The use of condoms is recommended to gay men as the most effective way of reducing the risk of HIV transmission during anal intercourse. However, there is no clear evidence as to the most appropriate type of condom. Some European countries (including the UK, the Netherlands, Germany and Switzerland) recommend the use of ‘strong’ (i.e. thicker) condoms for anal intercourse, whereas in the United States and Australia prevention information does not generally advocate a particular strength of condom. The European position appears to stem from the assumption that anogenital intercourse requires the use of stronger condoms because of the ‘greater friction’ involved [1,2]. To date, no rigorous evaluation of the comparative effectiveness of different types of condoms has taken place, partly because of the ethical problems associated with such trials .
The majority of existing studies have lacked operational definitions of failure and, crucially, have not separated participants according to sexual orientation and sexual behaviour. In addition, the reported methods used to measure condom reliability for gay men have been weak, depending almost entirely on retrospective self-report surveys of failure. A further shortcoming is that the strength of condom used has rarely been reported. Although some studies have published comparative condom reliability data using laboratory tests, and a high correlation has been shown between failure rates for heterosexual use and laboratory testing, this has not been replicated for anal intercourse between gay men [4,5]. The literature thus does not provide reliable values for failure rates of condoms during anogenital intercourse between men .
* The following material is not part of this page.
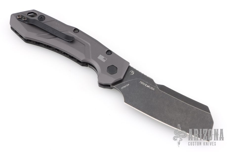 • Black stonewashed cleaver blade made of CPM 154 steel.

Previous studies have consistently reported that some men report frequent incidents of condom failure whereas others report never having experienced failure at all. Although there is a larger body of evidence on heterosexual than on homosexual condom failure, investigations in both populations have demonstrated a range of predictors of failure. User characteristics associated with instances of condom failure include longer penile length  and larger circumference , having low income/lower employment status , lack of personal efficacy and knowledge of correct condom use , low educational attainment , being circumcised  and identifying as Afro-Caribbean . Behaviours associated with condom failure include a history of failure , the infrequent use of condoms , engaging in anal rather than vaginal intercourse , not using additional lubricant consistently , the use of inappropriate (i.e. not water-based) additional lubricant , and the absence of additional lubricant during anogenital intercourse . In addition to these user characteristics and behaviours, condom failure has been associated with the age of the condom used , and a small investigation found a relationship between condom failure and condom strength, reporting that Australian and ISO standard condoms were five times more likely to break during anal intercourse than the (stronger) Swiss standard condom .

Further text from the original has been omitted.